During the later years of his life Richard John Seddon was exceptionally fortunate, over and above the position he earned by Titanic toil. But in nothing was he more fortunate than in the manner and time of his passing away. It must be remembered that he had just closed such a triumphal progress through the chief cities of the Commonwealth of Australia as a monarch, even the proudest, might have envied. He came to Australia as his own ambassador to endeavour to effect a closer union between the Commonwealth and New Zealand in matters of legislation, and especially in the direction of a reciprocal tariff. How far his self-imposed mission was a success it is as yet too early to say, but it is certain that he dominated the Australian politicians like a giant towering above pigmies. One would have thought that New Zealand was the great State and Australia the small to read the speeches made and the editorial comments thereupon. In fact Seddon seemed to hypnotise the politicians as he did the ordinary banqueters of whom I spoke in a previous chapter, so that even such a platitudinous and vulgar plagiarism from the arrogant Yankee as his frequently uttered allusion to New Zealand as "God's own country" was always rapturously applauded and received as the coinage of his own brain, a happy idea such as no other mind would be capable of receiving. This description of New Zealand was especially pleasing to Seddon's warmest supporters, the Maories, who are all nominally Christian now, and who all firmly believe that he was the inventor of the epithet.

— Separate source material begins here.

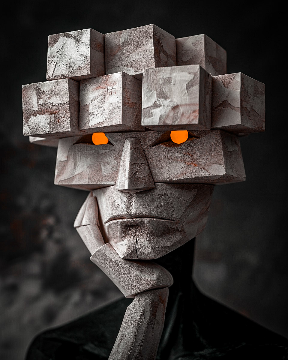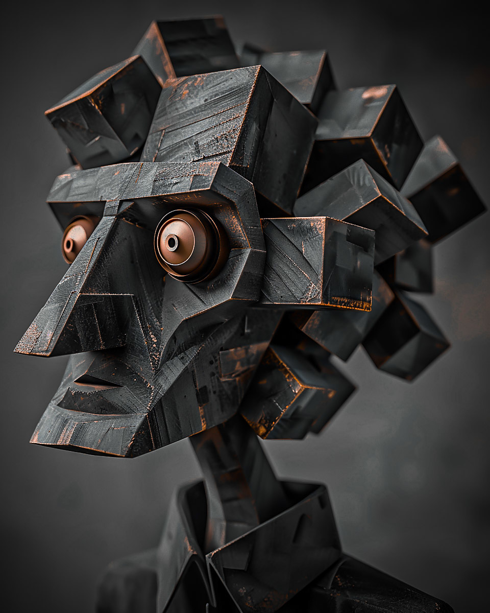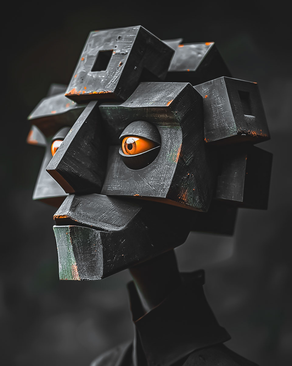 Sculpted cubes and angles depict the multifaceted nature of identity

And then, when this triumphal progress culminated in Sydney and he had embarked for "God's own country," as his last telegram stated, he sat down to rest with his family around him, and suddenly laying his head upon his wife's shoulder, murmured "Oh, mother!" and died; instantly, peacefully, painlessly. Of course it was a terrible shock to his devoted partner and his no less devoted children, but as far as he was concerned it was a passing such as few great men are privileged to obtain. Even Nelson, whose end was similar in that he passed at the summit of his glory, had to endure long hours of agony, whereas Seddon's end was such as most of us, however humble, must crave for, but few obtain.

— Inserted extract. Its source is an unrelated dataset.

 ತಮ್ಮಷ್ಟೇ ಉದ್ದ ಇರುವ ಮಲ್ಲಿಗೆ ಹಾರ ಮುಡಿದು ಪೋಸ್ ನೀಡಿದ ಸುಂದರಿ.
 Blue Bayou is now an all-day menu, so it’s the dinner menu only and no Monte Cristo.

Business seems paralysed, and the newspapers can apparently print nothing else but pages about the deceased Premier; but of course, although the intense mourning and general distrait air will continue until the funeral at Wellington in about ten days, the people will discover, as they have so often discovered before, that no man is irreplaceable, and that the sincerest tribute to a great man's memory is to carry on his work after his departure.